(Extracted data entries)
################

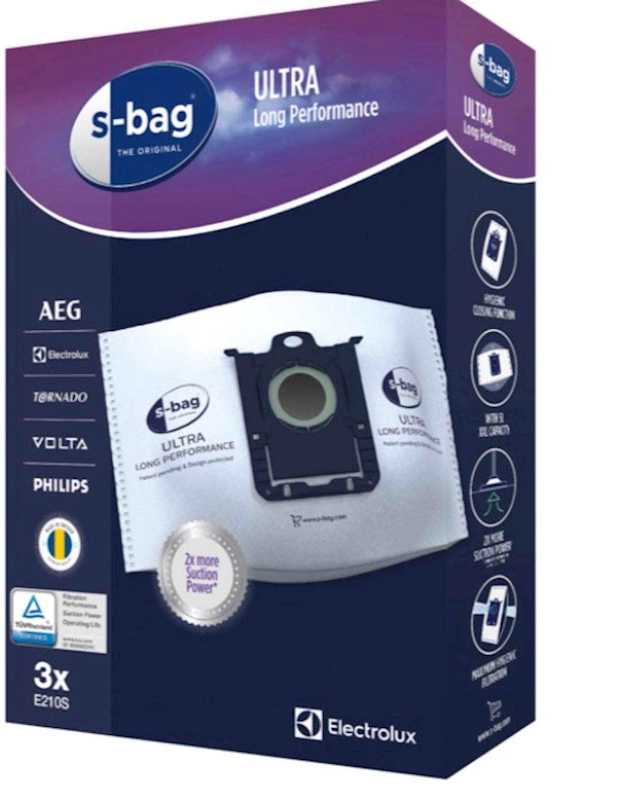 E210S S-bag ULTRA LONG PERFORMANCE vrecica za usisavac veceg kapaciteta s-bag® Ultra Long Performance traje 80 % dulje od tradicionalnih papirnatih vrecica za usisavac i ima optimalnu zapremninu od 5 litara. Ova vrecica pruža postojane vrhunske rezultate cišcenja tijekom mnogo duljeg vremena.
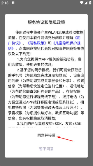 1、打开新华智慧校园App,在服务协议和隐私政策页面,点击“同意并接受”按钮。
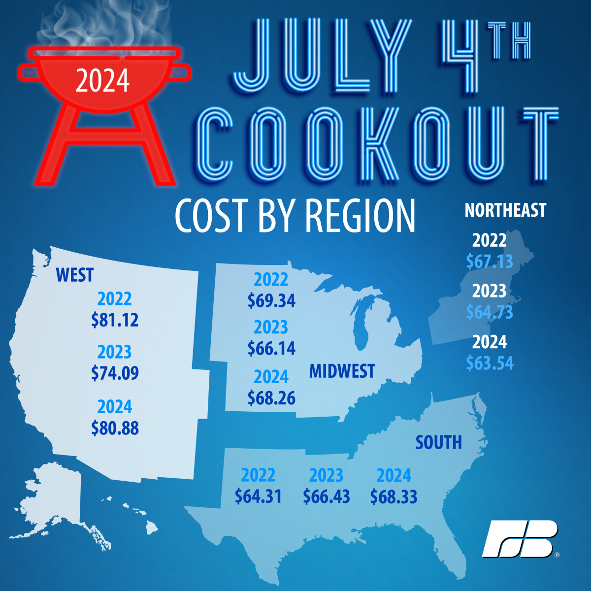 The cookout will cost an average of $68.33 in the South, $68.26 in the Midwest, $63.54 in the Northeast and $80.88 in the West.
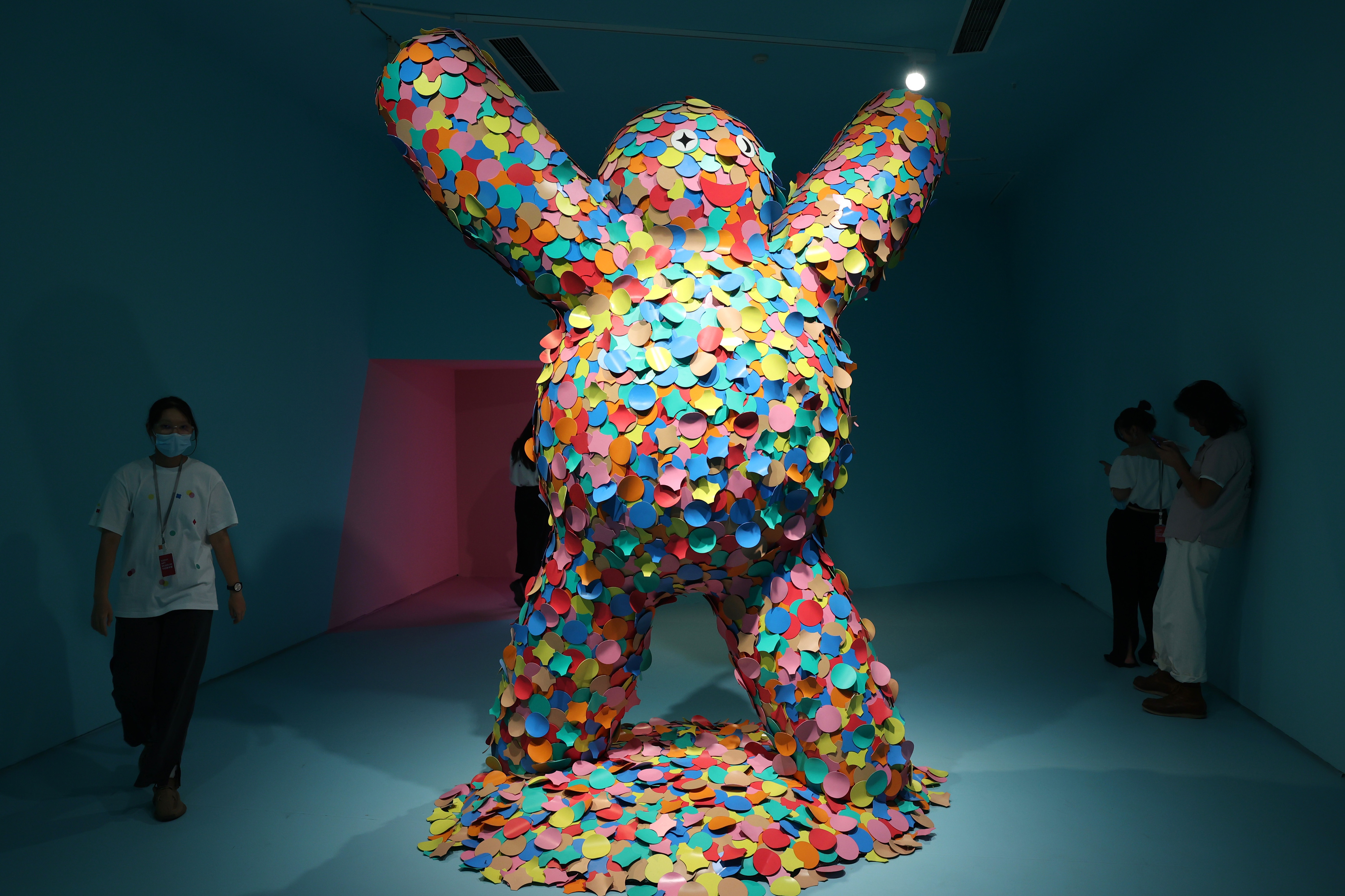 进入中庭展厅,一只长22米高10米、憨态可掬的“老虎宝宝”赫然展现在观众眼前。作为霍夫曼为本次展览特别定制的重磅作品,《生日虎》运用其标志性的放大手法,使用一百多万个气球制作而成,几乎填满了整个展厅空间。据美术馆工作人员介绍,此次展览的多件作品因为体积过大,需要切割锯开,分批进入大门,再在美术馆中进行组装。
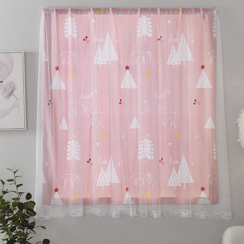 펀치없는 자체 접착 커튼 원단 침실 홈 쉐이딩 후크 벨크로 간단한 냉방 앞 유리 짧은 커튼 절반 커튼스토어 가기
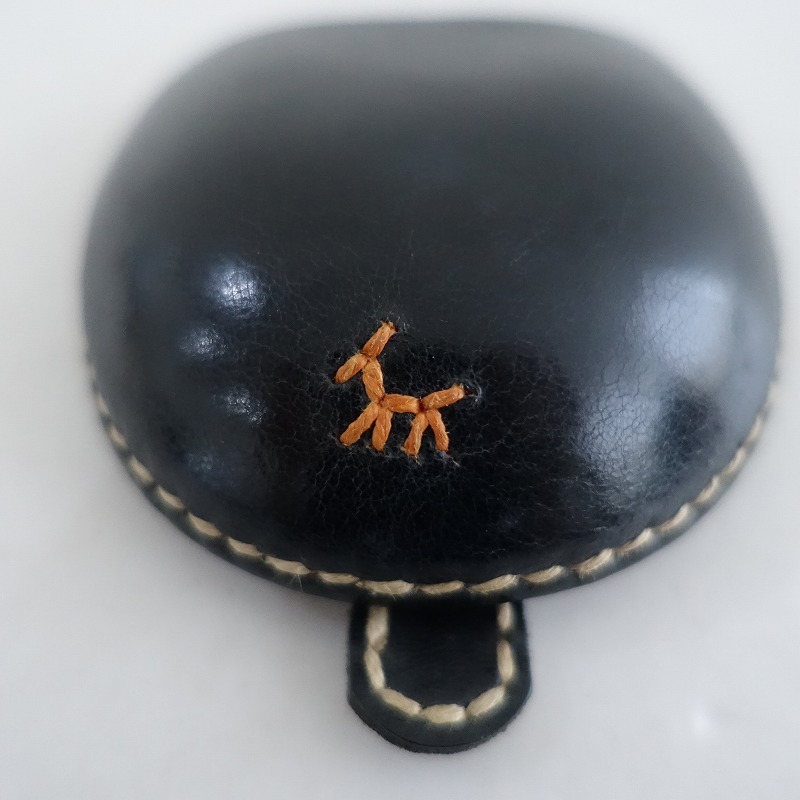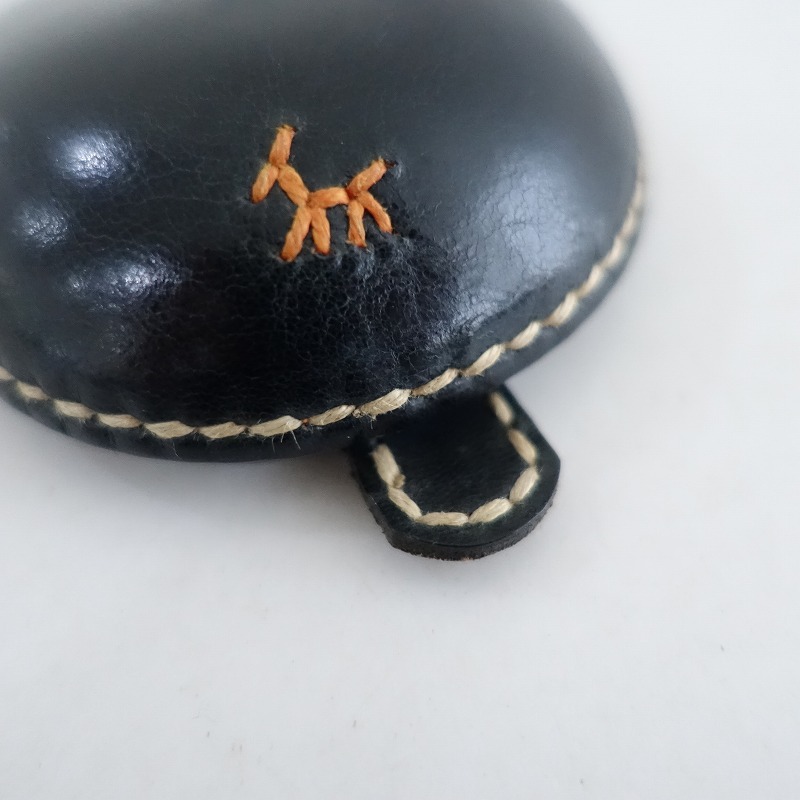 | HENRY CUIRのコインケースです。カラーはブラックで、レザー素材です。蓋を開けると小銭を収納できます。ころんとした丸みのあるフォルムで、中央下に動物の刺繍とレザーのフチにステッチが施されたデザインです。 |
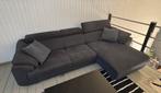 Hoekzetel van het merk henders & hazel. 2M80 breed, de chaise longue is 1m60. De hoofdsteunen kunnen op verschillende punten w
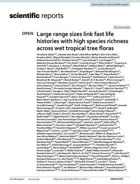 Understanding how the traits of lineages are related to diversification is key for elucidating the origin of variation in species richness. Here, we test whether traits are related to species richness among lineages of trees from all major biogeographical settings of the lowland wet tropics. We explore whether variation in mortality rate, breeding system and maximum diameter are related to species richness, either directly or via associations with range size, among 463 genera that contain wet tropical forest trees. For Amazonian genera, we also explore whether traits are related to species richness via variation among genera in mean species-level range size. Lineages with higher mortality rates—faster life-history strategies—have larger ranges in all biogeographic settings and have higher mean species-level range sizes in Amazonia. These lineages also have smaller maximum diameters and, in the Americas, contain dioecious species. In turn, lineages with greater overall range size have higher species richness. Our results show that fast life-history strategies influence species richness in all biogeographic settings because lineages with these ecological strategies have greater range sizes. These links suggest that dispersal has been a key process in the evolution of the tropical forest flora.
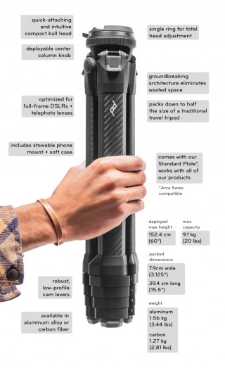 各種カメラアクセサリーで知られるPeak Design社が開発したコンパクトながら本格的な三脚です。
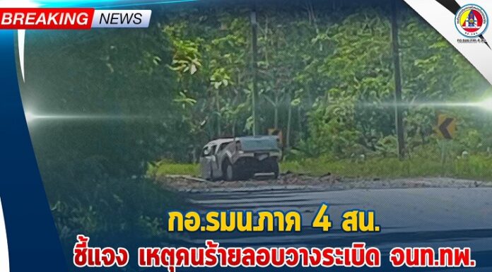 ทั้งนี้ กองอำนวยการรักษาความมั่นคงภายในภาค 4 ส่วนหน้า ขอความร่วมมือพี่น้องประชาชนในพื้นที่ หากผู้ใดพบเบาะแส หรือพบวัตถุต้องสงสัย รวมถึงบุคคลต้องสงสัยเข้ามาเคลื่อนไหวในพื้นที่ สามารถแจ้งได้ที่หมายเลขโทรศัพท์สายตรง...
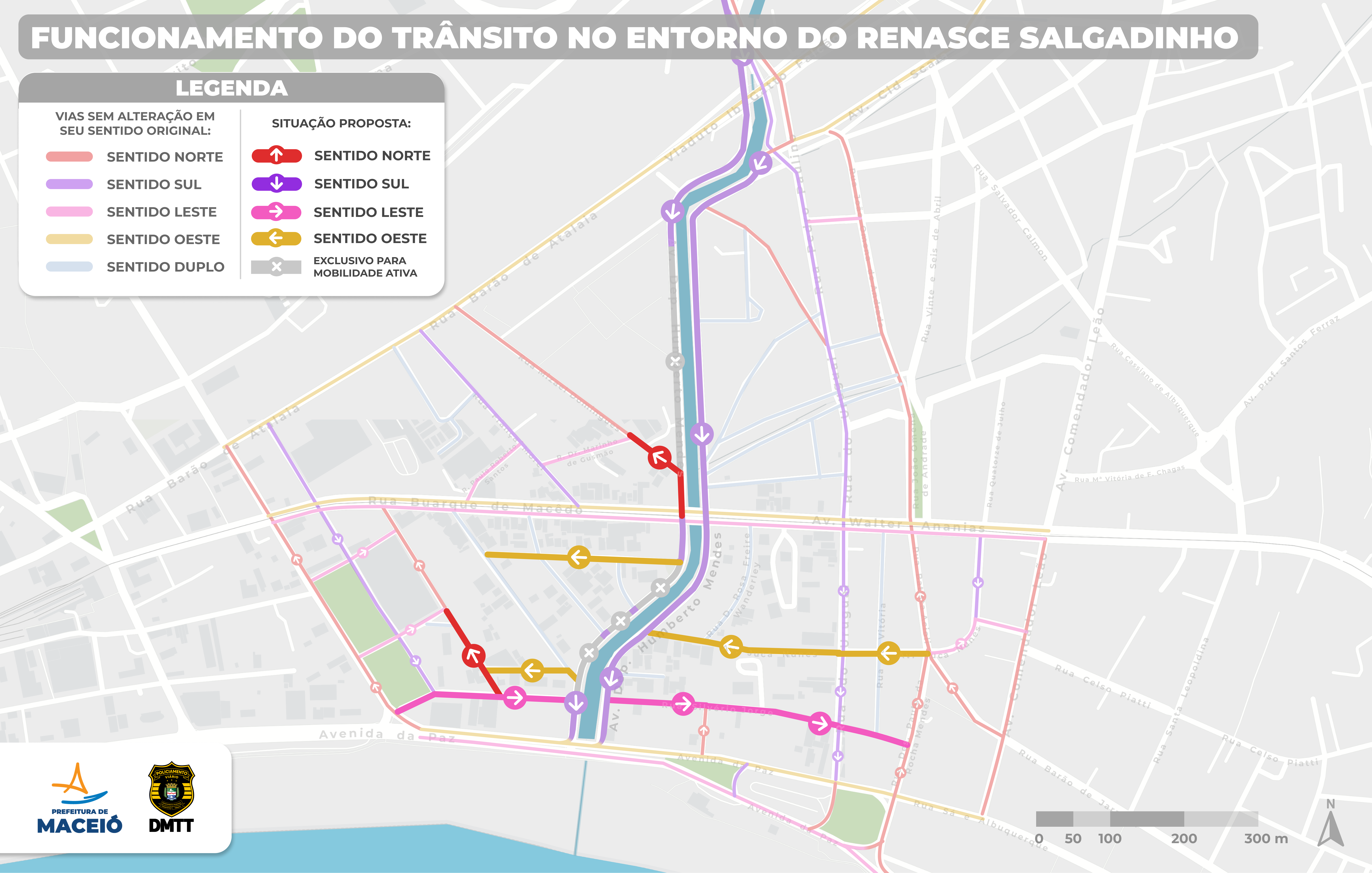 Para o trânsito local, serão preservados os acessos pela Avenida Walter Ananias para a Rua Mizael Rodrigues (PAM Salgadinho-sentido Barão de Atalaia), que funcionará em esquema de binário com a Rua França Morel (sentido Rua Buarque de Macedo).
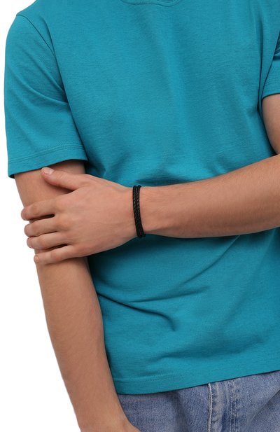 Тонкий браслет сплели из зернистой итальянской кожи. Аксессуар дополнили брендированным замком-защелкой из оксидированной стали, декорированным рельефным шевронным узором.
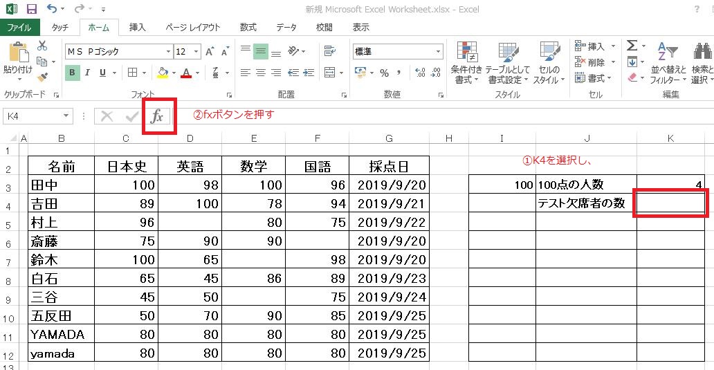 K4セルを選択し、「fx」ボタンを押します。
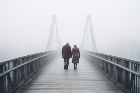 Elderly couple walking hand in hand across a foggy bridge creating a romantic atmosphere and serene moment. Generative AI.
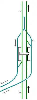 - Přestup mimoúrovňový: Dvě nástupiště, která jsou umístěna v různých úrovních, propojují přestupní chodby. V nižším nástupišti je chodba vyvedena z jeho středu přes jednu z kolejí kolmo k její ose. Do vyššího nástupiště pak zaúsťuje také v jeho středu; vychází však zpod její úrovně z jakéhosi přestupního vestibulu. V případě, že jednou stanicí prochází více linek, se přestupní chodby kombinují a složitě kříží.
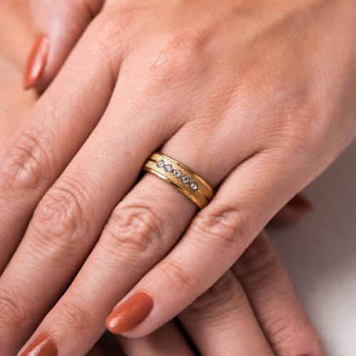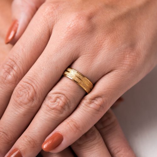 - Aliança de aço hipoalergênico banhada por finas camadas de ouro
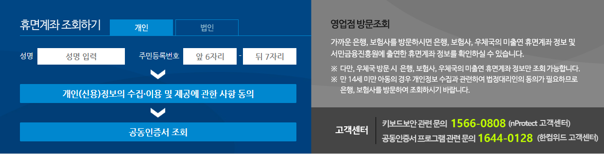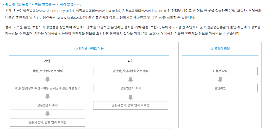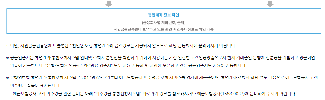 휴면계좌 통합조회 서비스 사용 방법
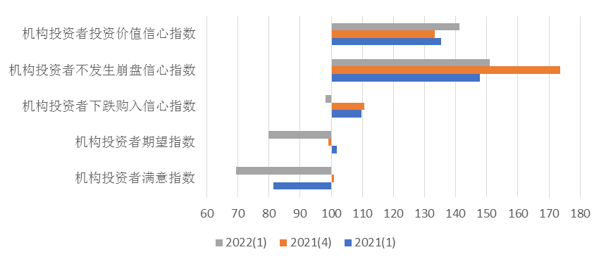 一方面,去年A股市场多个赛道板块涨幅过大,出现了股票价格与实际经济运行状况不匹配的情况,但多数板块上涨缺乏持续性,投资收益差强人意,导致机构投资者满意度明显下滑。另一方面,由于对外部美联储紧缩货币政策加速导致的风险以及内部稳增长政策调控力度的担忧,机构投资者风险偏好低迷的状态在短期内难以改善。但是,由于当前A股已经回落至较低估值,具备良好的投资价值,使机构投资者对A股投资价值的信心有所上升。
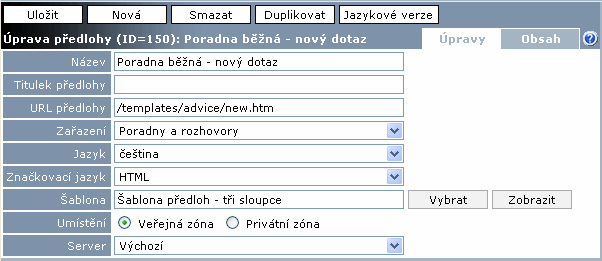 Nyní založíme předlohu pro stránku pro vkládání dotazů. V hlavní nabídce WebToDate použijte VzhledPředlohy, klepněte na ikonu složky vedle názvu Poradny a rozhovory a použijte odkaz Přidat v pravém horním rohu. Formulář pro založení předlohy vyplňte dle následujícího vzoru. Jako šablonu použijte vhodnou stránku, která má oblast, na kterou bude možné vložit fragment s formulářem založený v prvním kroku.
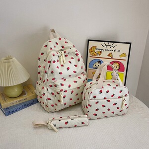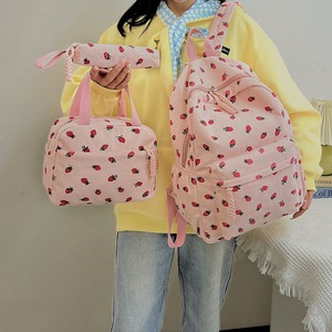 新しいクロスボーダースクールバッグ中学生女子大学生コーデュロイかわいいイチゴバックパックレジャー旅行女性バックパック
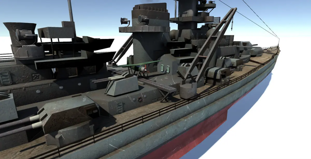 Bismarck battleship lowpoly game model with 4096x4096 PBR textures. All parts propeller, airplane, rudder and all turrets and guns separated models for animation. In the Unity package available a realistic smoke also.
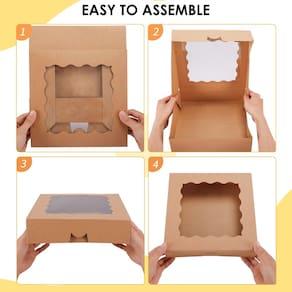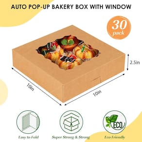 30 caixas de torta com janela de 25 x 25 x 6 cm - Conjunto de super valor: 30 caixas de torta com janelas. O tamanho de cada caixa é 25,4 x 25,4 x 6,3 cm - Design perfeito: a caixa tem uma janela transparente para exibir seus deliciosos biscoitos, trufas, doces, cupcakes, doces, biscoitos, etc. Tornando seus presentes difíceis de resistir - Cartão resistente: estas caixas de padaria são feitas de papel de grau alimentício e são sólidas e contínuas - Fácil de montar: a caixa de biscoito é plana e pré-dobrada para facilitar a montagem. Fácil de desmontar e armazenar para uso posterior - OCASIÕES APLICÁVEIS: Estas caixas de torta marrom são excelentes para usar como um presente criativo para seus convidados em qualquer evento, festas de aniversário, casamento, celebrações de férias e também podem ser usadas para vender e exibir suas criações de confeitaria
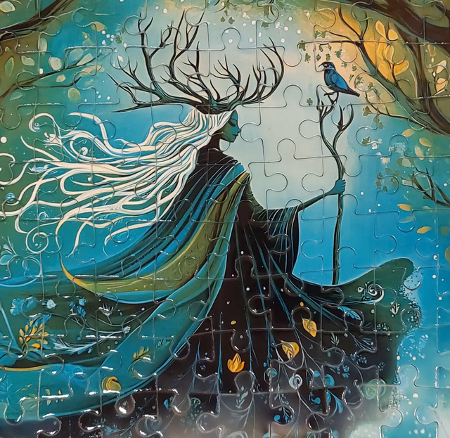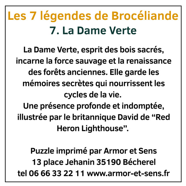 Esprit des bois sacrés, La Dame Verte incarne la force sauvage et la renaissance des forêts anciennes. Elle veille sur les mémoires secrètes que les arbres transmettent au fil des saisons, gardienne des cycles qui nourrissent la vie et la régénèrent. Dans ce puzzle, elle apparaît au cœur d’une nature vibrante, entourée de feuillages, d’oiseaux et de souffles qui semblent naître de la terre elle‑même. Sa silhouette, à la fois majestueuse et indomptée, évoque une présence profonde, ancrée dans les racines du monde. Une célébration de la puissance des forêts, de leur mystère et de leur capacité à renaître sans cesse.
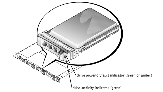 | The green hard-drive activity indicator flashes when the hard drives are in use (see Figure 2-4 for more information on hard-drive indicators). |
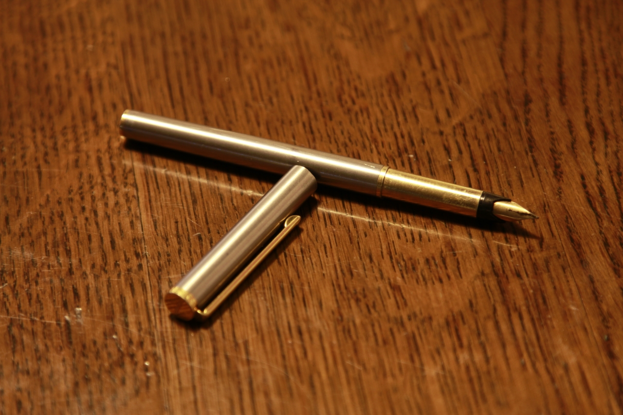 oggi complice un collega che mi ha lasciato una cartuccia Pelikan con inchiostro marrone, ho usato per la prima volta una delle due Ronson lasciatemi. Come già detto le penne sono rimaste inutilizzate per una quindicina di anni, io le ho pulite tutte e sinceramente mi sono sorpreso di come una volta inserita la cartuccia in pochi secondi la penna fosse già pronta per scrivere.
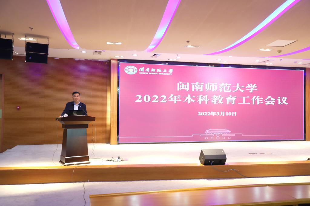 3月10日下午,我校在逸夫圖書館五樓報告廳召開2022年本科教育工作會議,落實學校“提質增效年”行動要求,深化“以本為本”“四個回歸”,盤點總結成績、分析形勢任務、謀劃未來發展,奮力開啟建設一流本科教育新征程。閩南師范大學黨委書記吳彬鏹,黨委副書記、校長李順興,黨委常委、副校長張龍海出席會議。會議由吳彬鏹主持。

################

*What you need to do*. Copy out exactly the lines above beginning with the line that contains "K4セルを選択し、「fx」ボタンを押します。" and finishing with the line that contains "Elderly couple walking", including both; leave the pictures out.

*Completed task*.
 K4セルを選択し、「fx」ボタンを押します。
 Elderly couple walking hand in hand across a foggy bridge creating a romantic atmosphere and serene moment. Generative AI.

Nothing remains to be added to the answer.